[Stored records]
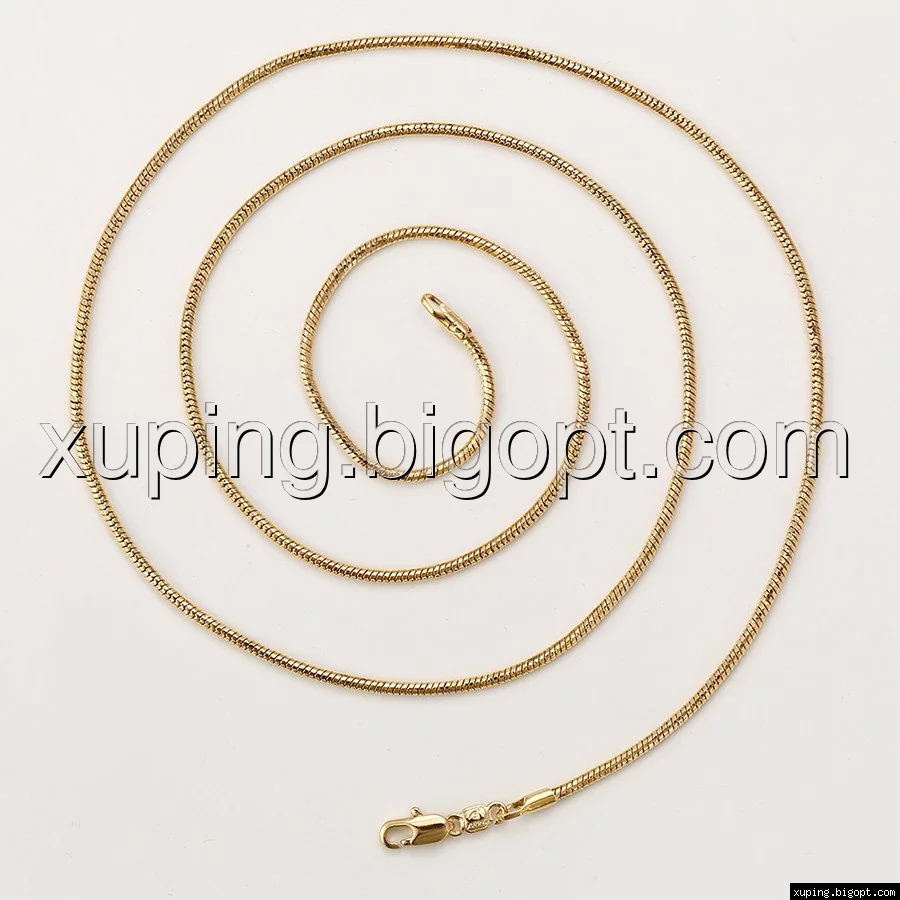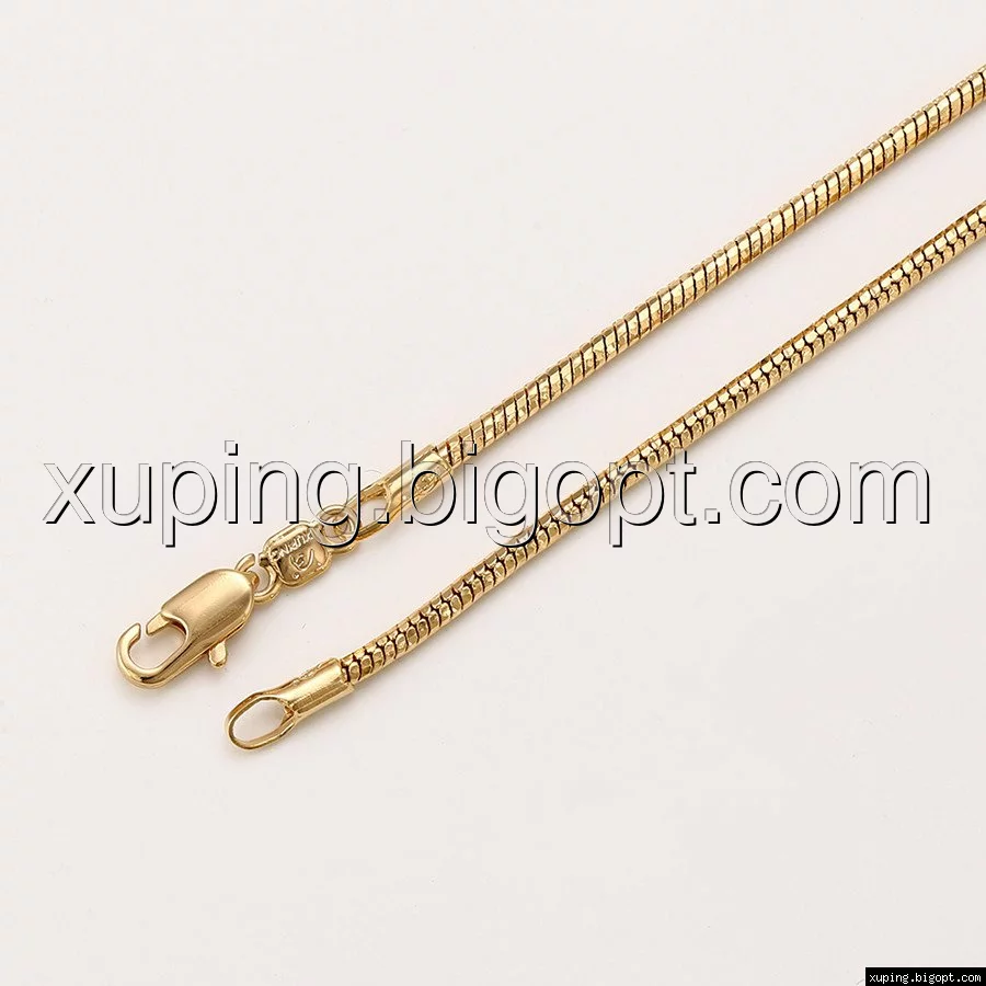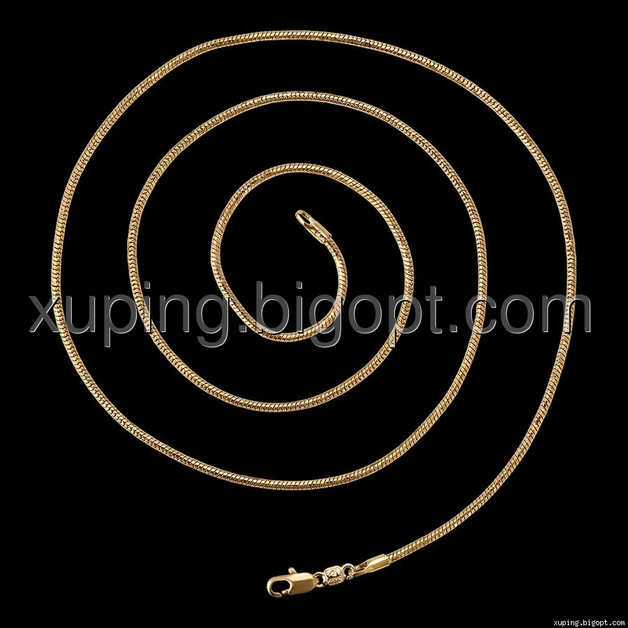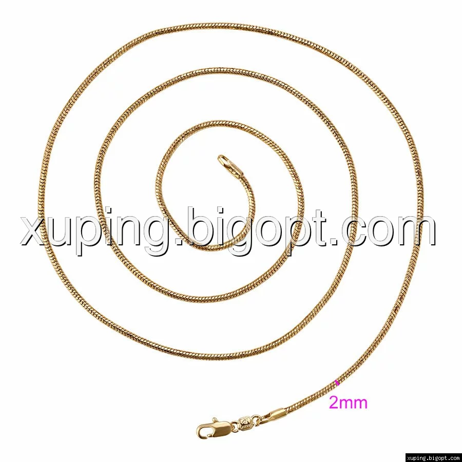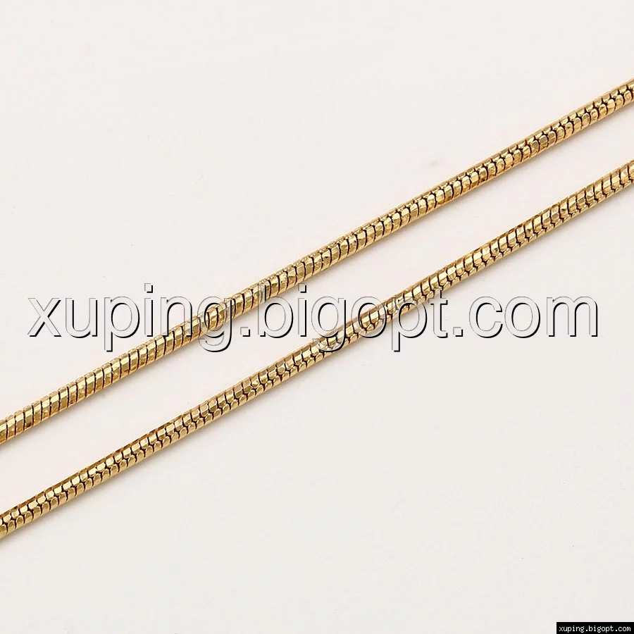 Цепочка выполнена из медицинского сплава на основе латуни с добавлением легирующих элементов, с целью улучшения каких-либо ее свойств, например коррозионной стойкости или прочности. Такой сплав не вызывает аллергии, не вступает в реакцию с потом человека, не меняет свои свойства под воздействием соленой воды и солнца. Поверхность цепочки покрыта золотом 18 карата.
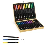 Djeco - Kreativ farver - kuffert med filtpenneTænk at kunne åbne sin helt egen kuffert, fuld af flotte Djeco tusser sat i sirlig farveorden. Sikken et syn. 24 flotte farver med penselspids. Som det allerførste kan du starte med at dekorere den fine kuffert, så den bliver din helt personlige kuffert med lige præcis de farver, du synes er allerflottest.
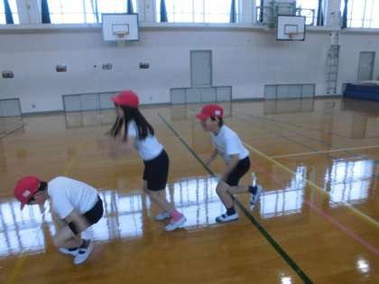 「まねっこウォーキング」、「フラフープ」などペアやグループで協力しながら進めました。
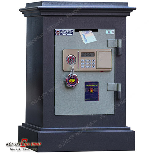 Mẫu két sắt điện tử việt tiệp này được trang bị công nghệ bảo mật kép. Ổ khóa chìa 4 cạnh chống sao chép kết hợp cùng bảng mạch điện tử cho phép người dùng thay đổi mật mã linh hoạt theo ý muốn (tối đa 8 ký tự).
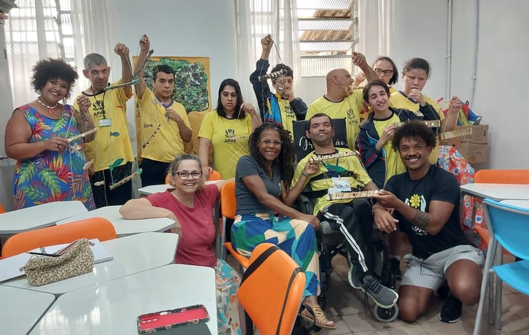 Realizado na Escola Waldorf Quintal Aroeira, APAE e Abrigo de Crianças Saica Zilda Arns.
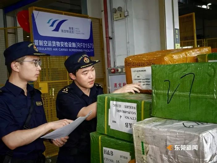 同样受益的还有跨境电商企业。数据显示,今年前6个月经空港中心跨境电商出口货量同比激增579%。东莞港空运供应链有限公司副总经理温媛云介绍,“去年4月,我们每月只有4个架次业务量,今年6月开始增加到每月13架次。海关应用X光机同屏比对技术,把单个包裹查验时间压缩到20秒内。”
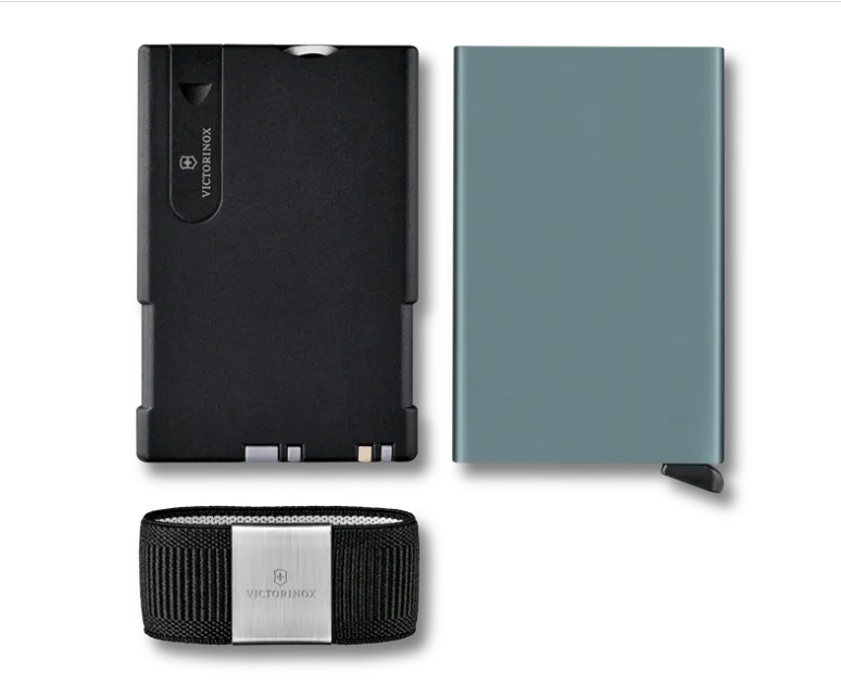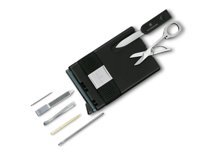 Cardprotector / Moneyband / Lame, petite / Ciseaux / Lime à ongles | Tournevis 2,5 mm / Épingle / Pince à épiler / Cure-dent / Stylo à bille pressurisé / Lime à ongles
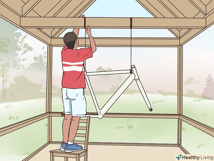 Якщо у вага немає можливості підвісити раму, закріпіть її на робочій поверхні.Просуньте дерев'яний держак (наприклад, від мітли) через передню трубу рами і зафіксуйте його лещатами на робочому столі, щоб рама виявилася закріпленою у вертикальному положенні поруч зі столом.[10]- Якщо у вас немає столу, закріпіть раму на робочій поверхні, стенді або іншої конструкції, яка дозволить підняти раму над землею.

* [Task item] Start with the line that holds "同样受益的还有跨境电商企业。" and retype each line through the last one in the data, exactly and without pictures.

* [Task answer]
 同样受益的还有跨境电商企业。数据显示,今年前6个月经空港中心跨境电商出口货量同比激增579%。东莞港空运供应链有限公司副总经理温媛云介绍,“去年4月,我们每月只有4个架次业务量,今年6月开始增加到每月13架次。海关应用X光机同屏比对技术,把单个包裹查验时间压缩到20秒内。”
 Cardprotector / Moneyband / Lame, petite / Ciseaux / Lime à ongles | Tournevis 2,5 mm / Épingle / Pince à épiler / Cure-dent / Stylo à bille pressurisé / Lime à ongles
 Якщо у вага немає можливості підвісити раму, закріпіть її на робочій поверхні.Просуньте дерев'яний держак (наприклад, від мітли) через передню трубу рами і зафіксуйте його лещатами на робочому столі, щоб рама виявилася закріпленою у вертикальному положенні поруч зі столом.[10]- Якщо у вас немає столу, закріпіть раму на робочій поверхні, стенді або іншої конструкції, яка дозволить підняти раму над землею.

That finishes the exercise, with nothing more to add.